Bilking Investors – Rotten advice – America’s revolving door for financial advisers who do down their clients
Mar 5th 2016 Economist

Financial markets can seem bewildering to those who don’t have the time and energy to understand them: all that jargon, all those sudden switches in mood. So it is natural that people look for help when trying to find the right products. In America, more than half of all households have sought advice, according to a survey conducted in 2010. They have more than 650,000 registered financial advisers to choose from.
But how good is that advice? It can be hard to tell. There may be an “information asymmetry” between the advisers and the clients, simply because finance can be so complex. Furthermore, although a diner can instantly tell if wine is corked or steak is tough, it may be many years before the success or failure of a financial tip becomes apparent.

A new paper* examines the records of American financial advisers between 2005 and 2015, using a database that contains 1.2m individuals. It finds that 7% of the advisers were disciplined for misconduct over the period, resulting in a median payment to customers of $40,000 in compensation. Around one-third of the miscreants are repeat offenders; past transgressors are five times more likely to engage in misconduct than the average adviser.

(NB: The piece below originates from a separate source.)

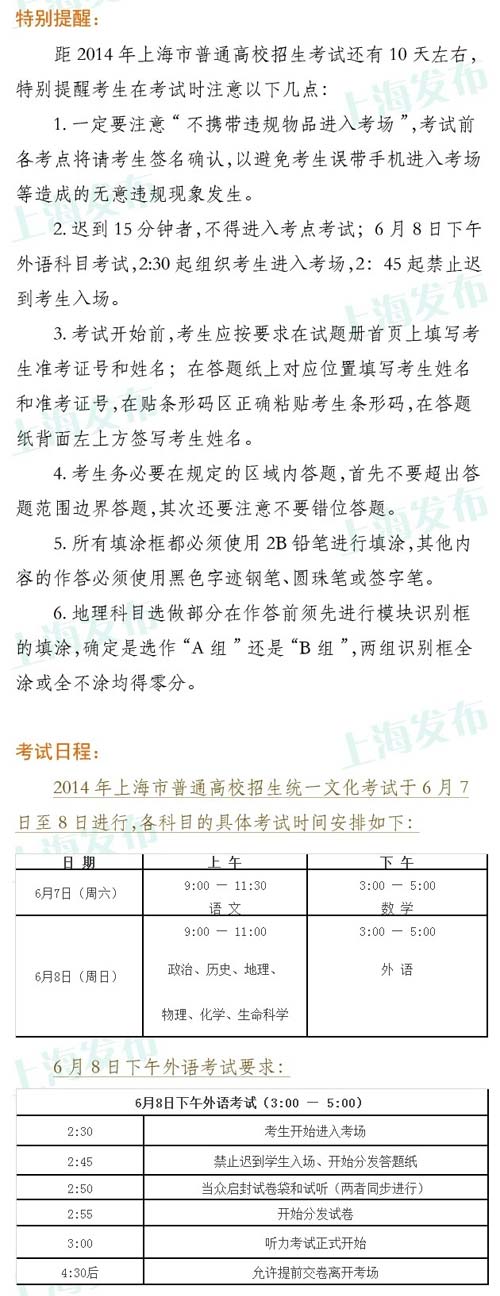 上海高考倒計時只有10天了。據上海市政府新聞辦消息,5.2萬人報名參加2014年秋季高考,招生計劃4.3萬,其中一本招1萬余人,二本招近1.8萬人。6月7日(周六)上午語文,下午數學;6月8日(周日)上午政治、歷史、地理、物理、化學、生命科學,下午外語。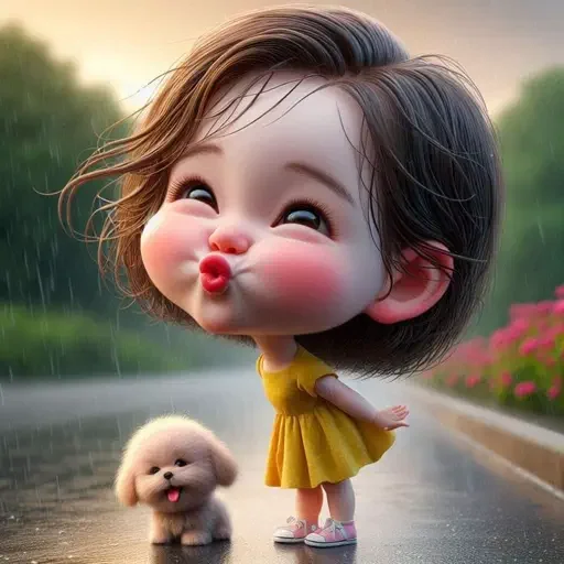 Menina de cabelo castanho e vestido amarelo fazendo careta engraçada com um cachorrinho ao lado em uma estrada.

What happens to the offenders? Just over half, astonishingly, keep their job. Although the remainder are let go, 44% of them are rehired by another firm within a year. On average, they take a 10% pay cut, but they continue to work as investment advisers. Unsurprisingly, the paper finds that these miscreants tend to move to firms that hire more people with a record of misconduct than is typical. The same firms are less likely to fire their staff if they do something wrong.

Why don’t such firms lose all their clients? The authors suggest that advisers with a dark past tend to prey on elderly or unsophisticated customers. At any rate, they seem to congregate in relatively wealthy, elderly and less educated counties. In some places in Florida and California, one in five advisers has a record of misconduct.

It is a sorry tale. But information on advisers’ records is at least readily available at BrokerCheck, a website run by FINRA, an American regulator. Clearly, a lot more investors need to use it.